PEGAS has been monitoring online social media accounts for over three years, finding wildlife dealers who sell great apes captured in their forest habitats to the highest bidder. Dealers in Indonesia are amongst the most active of these ape traffickers, especially of the lesser apes (gibbons and siamangs).
The Facebook or Instagram posts of Indonesians are always in Bahasa Indonesia, the local language. PEGAS struggles with Google Translate to try to figure out what they are saying. One word, even in very short comments, keeps recurring when an animal is offered for sale: ‘rekber’, often with the word ‘wajib’. ‘Wajib’ is translated as ‘required’, but no translation could be found for ‘rekber’.
Here are many examples of both adverts and transaction instructions:

The fact that business PIN numbers are almost always given by dealers indicates that CITES Appendix I species – supposedly protected from commercial trade – are being trafficked with a veneer of legality.
PEGAS got lucky when a big Indonesian wildlife trafficker gave a short tutorial on what ‘rekber’ meant and how it operated. The word is an abbreviation of ‘rekoning bersama’, which means ‘joint account’. There are several private rekber services comprised of individuals or companies that have set up bank accounts to act as escrow services. They make money by charging a service fee for the financial transaction (e.g. RekBer CeperzBank, ceperzbank.com; RekBer IndoBank, http://www.rekberindobank.info; MangRekBer, http://www.mangrekber.com).
Here is how it works: the dealer and buyer agree on a price, for example, for two orangutan infants, let’s say Rupiah 140 million (~USD 10,000). They go to an online Rekber service. The service cannot release funds to the seller (i.e. dealer) until the buyer gives the thumbs up. Then, (1) the seller deposits the agreed price into the account, (2) the service informs the seller that the funds are there, (3) the dealer ships the orangutans, (4) the buyer informs the service that he has received what he paid for and (5) the service releases the funds to the dealer.

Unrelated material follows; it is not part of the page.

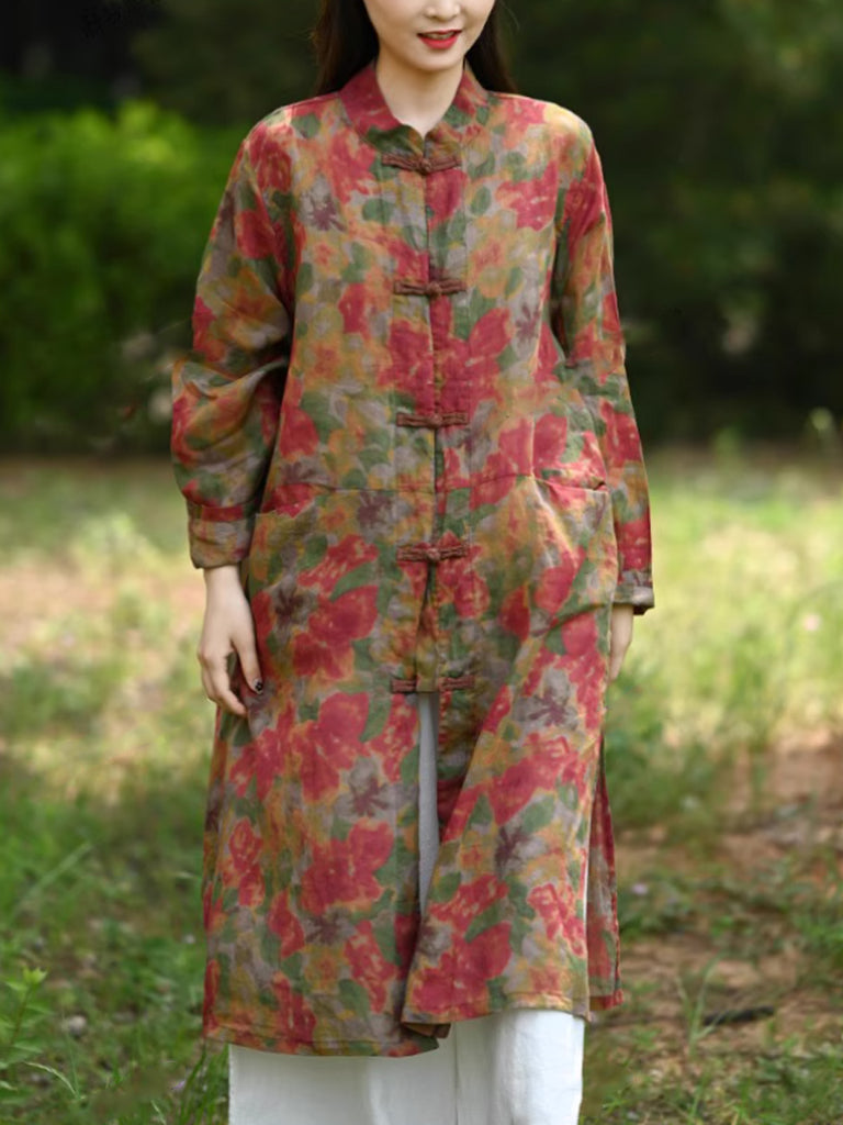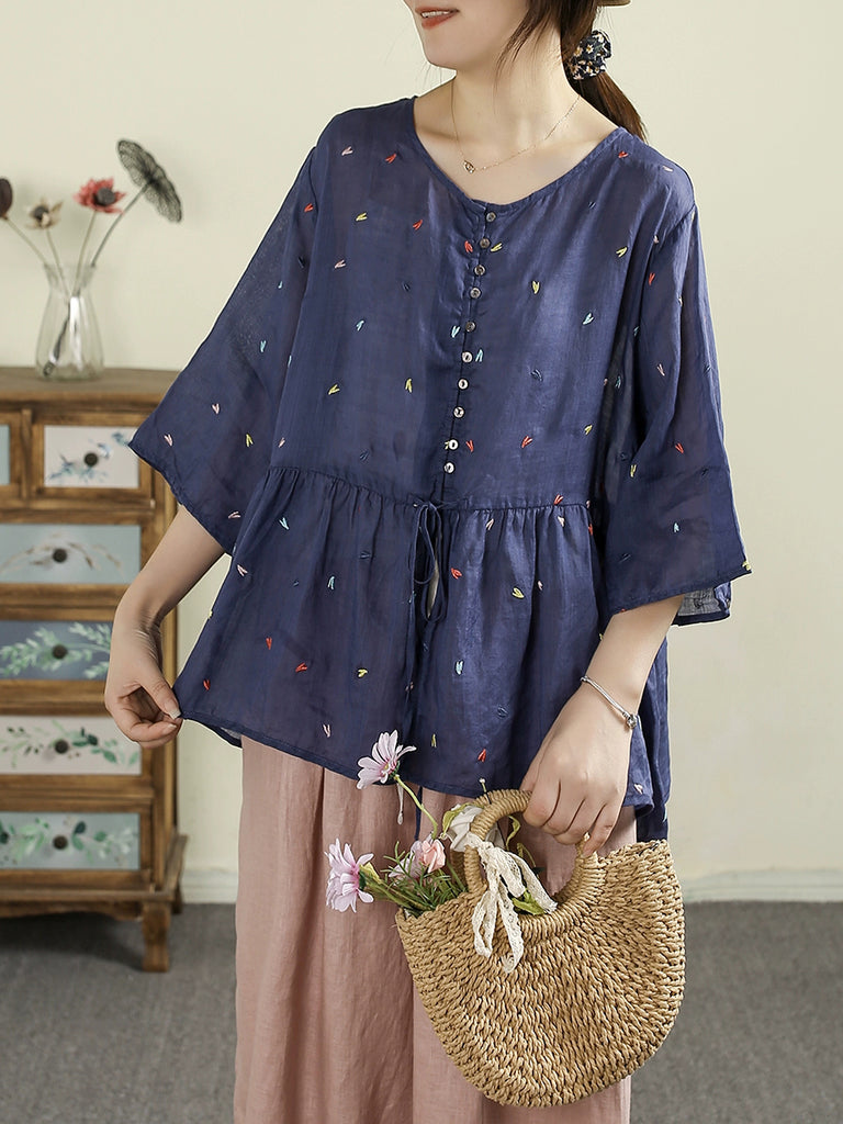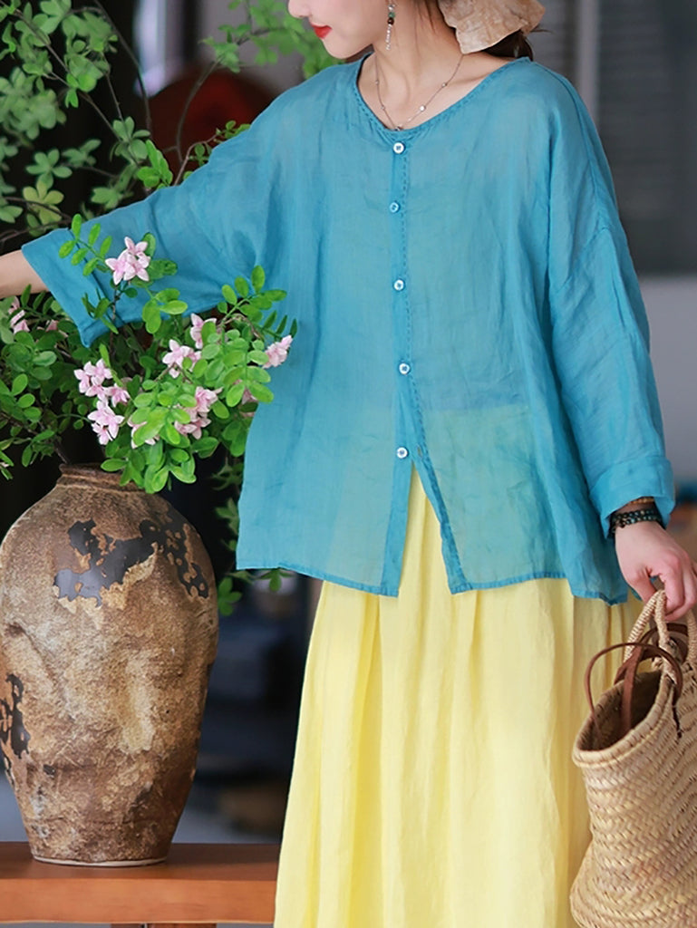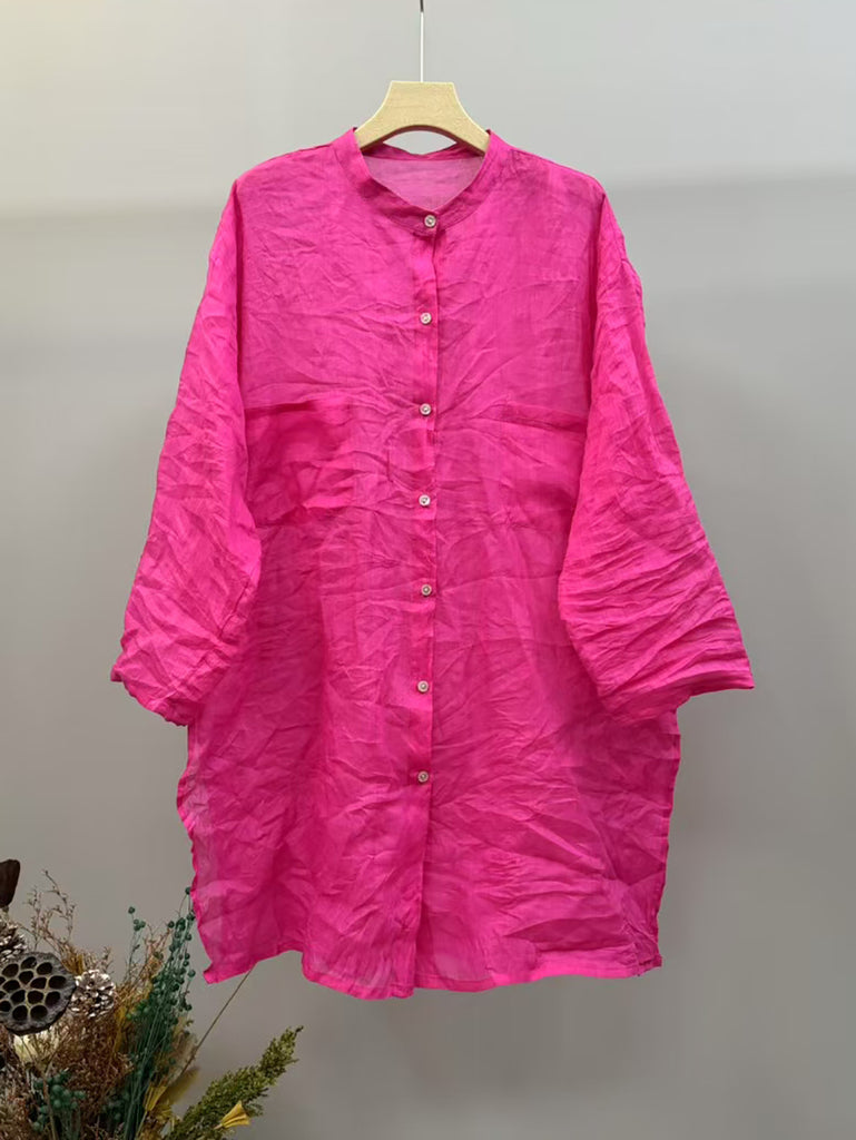 Etnisk vårskjorta för kvinnor i ren färg, 100 % linne

So Indonesian banks are facilitating illegal wildlife trade, albeit without direct knowledge of what is being traded. These services are not registered as banks, which means that they operate largely on trust between the buyer and seller and the service entity. Regulatory steps need to be taken to ensure that Rekber services are not used for trade in illegal commodities, or for illicit financial flows in the form of tax evasion and money laundering.